Becoming An Empowered Actor

SERIES PART 1

*Don’t read if you aren’t down with some cursing*

In an industry that often feels like a locked and gated community that we as actors aren’t holding the keys for, can sometimes feel like a sh*t place to live and work in. Any underdog energy and naive wide eyed gratefulness we are carrying for any “opportunity” that comes our way can be difficult for us to recognize.

We love this craft.

The high we feel when an audition invite comes in and the exhilaration of BOOKING the job is unmatched by most anything else we’ve experienced. Being a member of a “set family”, exploring the script and creating character gifts a surreal freedom and some pure f*cking creative joy. 

As I look back on my career thus far, there are some things I would do differently. In this series, let’s talk about an agent meeting that I had back when the film Manchester By The Sea was released. A friend of mine, and fellow actor, who was currently on this particular agency’s roster was kind enough to refer me to them. I had been working on commercials, industrials and indy films for years and now I had booked a supporting role in an Academy Award winning film.

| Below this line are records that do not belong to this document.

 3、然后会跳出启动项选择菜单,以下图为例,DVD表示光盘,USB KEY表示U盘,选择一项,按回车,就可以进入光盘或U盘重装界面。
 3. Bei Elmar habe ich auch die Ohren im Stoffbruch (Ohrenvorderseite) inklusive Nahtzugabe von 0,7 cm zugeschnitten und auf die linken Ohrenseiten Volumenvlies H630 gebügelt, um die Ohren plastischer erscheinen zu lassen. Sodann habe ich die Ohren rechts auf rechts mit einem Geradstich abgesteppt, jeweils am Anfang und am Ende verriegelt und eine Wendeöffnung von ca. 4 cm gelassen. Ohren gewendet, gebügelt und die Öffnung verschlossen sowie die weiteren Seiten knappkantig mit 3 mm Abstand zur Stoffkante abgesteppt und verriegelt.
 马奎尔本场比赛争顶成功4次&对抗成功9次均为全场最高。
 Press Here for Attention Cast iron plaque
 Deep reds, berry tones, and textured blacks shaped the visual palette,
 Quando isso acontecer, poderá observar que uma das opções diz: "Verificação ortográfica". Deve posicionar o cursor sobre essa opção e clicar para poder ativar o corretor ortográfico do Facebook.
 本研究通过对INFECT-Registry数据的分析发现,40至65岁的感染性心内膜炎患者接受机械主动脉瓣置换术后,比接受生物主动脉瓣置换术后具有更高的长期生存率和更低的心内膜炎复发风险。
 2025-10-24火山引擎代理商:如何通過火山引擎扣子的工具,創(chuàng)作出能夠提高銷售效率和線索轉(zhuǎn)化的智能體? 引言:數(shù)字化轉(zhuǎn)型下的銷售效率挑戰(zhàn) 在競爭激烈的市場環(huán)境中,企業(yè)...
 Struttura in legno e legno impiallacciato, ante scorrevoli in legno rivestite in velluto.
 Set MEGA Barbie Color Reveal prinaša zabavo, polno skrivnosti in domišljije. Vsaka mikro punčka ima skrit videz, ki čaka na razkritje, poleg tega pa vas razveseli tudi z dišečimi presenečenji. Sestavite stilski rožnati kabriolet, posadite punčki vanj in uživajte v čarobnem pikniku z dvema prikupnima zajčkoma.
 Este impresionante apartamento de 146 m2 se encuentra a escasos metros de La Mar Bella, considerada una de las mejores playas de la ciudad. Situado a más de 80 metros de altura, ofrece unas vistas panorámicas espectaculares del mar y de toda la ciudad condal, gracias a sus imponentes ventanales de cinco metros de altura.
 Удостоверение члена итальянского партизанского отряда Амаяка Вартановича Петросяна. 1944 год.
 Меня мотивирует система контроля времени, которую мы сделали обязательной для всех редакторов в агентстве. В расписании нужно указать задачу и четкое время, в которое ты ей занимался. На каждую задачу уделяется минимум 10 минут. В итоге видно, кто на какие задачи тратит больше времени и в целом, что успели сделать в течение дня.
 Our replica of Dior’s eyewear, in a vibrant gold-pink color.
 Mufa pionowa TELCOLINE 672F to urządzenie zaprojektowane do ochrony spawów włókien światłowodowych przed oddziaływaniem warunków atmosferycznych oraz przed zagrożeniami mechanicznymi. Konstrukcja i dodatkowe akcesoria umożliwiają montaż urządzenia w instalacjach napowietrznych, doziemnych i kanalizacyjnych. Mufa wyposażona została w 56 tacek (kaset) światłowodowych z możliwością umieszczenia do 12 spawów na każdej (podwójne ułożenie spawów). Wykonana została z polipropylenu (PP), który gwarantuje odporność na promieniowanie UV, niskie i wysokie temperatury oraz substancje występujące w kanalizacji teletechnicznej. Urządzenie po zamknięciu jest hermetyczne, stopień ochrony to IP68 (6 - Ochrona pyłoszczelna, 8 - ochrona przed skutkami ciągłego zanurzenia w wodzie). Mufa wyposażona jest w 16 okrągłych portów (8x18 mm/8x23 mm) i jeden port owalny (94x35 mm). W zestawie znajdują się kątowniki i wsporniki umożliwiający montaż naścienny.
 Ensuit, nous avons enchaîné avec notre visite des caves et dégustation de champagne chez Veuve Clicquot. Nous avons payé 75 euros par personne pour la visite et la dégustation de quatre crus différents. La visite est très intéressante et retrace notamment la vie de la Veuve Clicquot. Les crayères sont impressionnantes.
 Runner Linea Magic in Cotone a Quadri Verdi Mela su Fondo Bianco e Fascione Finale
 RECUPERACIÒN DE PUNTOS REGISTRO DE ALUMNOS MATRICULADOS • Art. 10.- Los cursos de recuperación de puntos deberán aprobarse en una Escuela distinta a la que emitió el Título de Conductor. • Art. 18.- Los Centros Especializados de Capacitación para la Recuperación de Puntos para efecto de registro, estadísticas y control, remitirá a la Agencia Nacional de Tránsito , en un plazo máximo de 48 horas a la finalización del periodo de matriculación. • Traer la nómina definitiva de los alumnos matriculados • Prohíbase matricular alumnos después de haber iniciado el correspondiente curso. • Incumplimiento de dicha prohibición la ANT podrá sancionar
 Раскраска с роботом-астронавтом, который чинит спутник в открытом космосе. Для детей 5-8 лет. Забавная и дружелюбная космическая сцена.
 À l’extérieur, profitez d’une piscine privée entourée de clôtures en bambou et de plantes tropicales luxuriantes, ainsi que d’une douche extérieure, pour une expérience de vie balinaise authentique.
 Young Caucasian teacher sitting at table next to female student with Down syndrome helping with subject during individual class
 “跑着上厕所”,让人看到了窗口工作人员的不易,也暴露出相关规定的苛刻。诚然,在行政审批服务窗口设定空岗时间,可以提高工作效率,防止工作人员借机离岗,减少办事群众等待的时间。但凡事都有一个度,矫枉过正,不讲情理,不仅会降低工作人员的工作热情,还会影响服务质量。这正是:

I had joined SAG, I had built and fostered relationships over the years with casting directors and I was constantly learning, training and growing in my craft. This meeting must have gone excellent and I was asked to sign with them immediately, right?

Wrong.

It didn’t go well at all. I left there thinking that they weren’t going to sign me and I was right.

So what happened?

A few things, beginning with me being cloaked in underdog energy. “What? A larger agency in New York wanted to meet with ME?” If only time travel was possible and I could go back and grab the woman I was by the shoulders and look her dead in the eye, tell her “Tits up!” and list off the track record of work and accomplishments she had garnered so far in the face of far less than ideal circumstances. But alas, here we are.

I’m an introvert and can be what some might consider quiet and shy when I first meet someone. Throw in a few glasses of wine and I have the confidence of Amy Schumer at stand-up, but alas no wine is served at these kinds of meetings so after falling flat on my ass at this one I learned a very valuable lesson.

I had to get on my own team.

I had to make a list of everything I was already bringing to the table. Your reps are a part of YOUR team. Talent meetings are very much you interviewing them as much as they are interviewing you. I simply didn’t have the experience to grasp this, yet. 

Now with the benefit of hindsight and multiple successful talent agent and manager meetings under my belt, I have some insight to share if you are searching for some on this topic.

First and foremost, get on your own team. Empower yourself by listing out everything you already bring to the table. 

1. Your training.

What are you consistently doing to elevate and develop your craft? All great actors never stop training and learning. Have a list of your recent classes and workshops to discuss.

2. Your relationships with casting directors.

Be prepared to talk about what offices call you in regularly and which casting directors you are building relationships with through workshops and email updates when you have new materials or bookings to share.

3. Your goals.

Is it to book your first co-star? Is your goal to move on from co-stars to guest star and/or recurring? Series regular? Film?

 Don’t have clear goals outlined, yet? 

You can’t plan out a route if you don’t have a destination.

Seriously, reflect on them today and write them down. You need this information. Be prepared to discuss shows you believe you are a fit for that are shooting in your target market and also what types of roles you see yourself playing.

4. Have your questions ready.

Here is a list of some examples for you.

I hope this helps and that any upcoming talent rep meetings go excellent for you.

I also hope you do your art today. Empower yourself with recognizing that you never need an invite from someone else to create. Practice a monologue, create a self-tape, write a short scene, write a short film, film a scene using three camera angles using just the camera on your phone and a tripod, edit it together in Imovie, the possibilities are as limitless as the infinite galaxy of creativity that you already possess.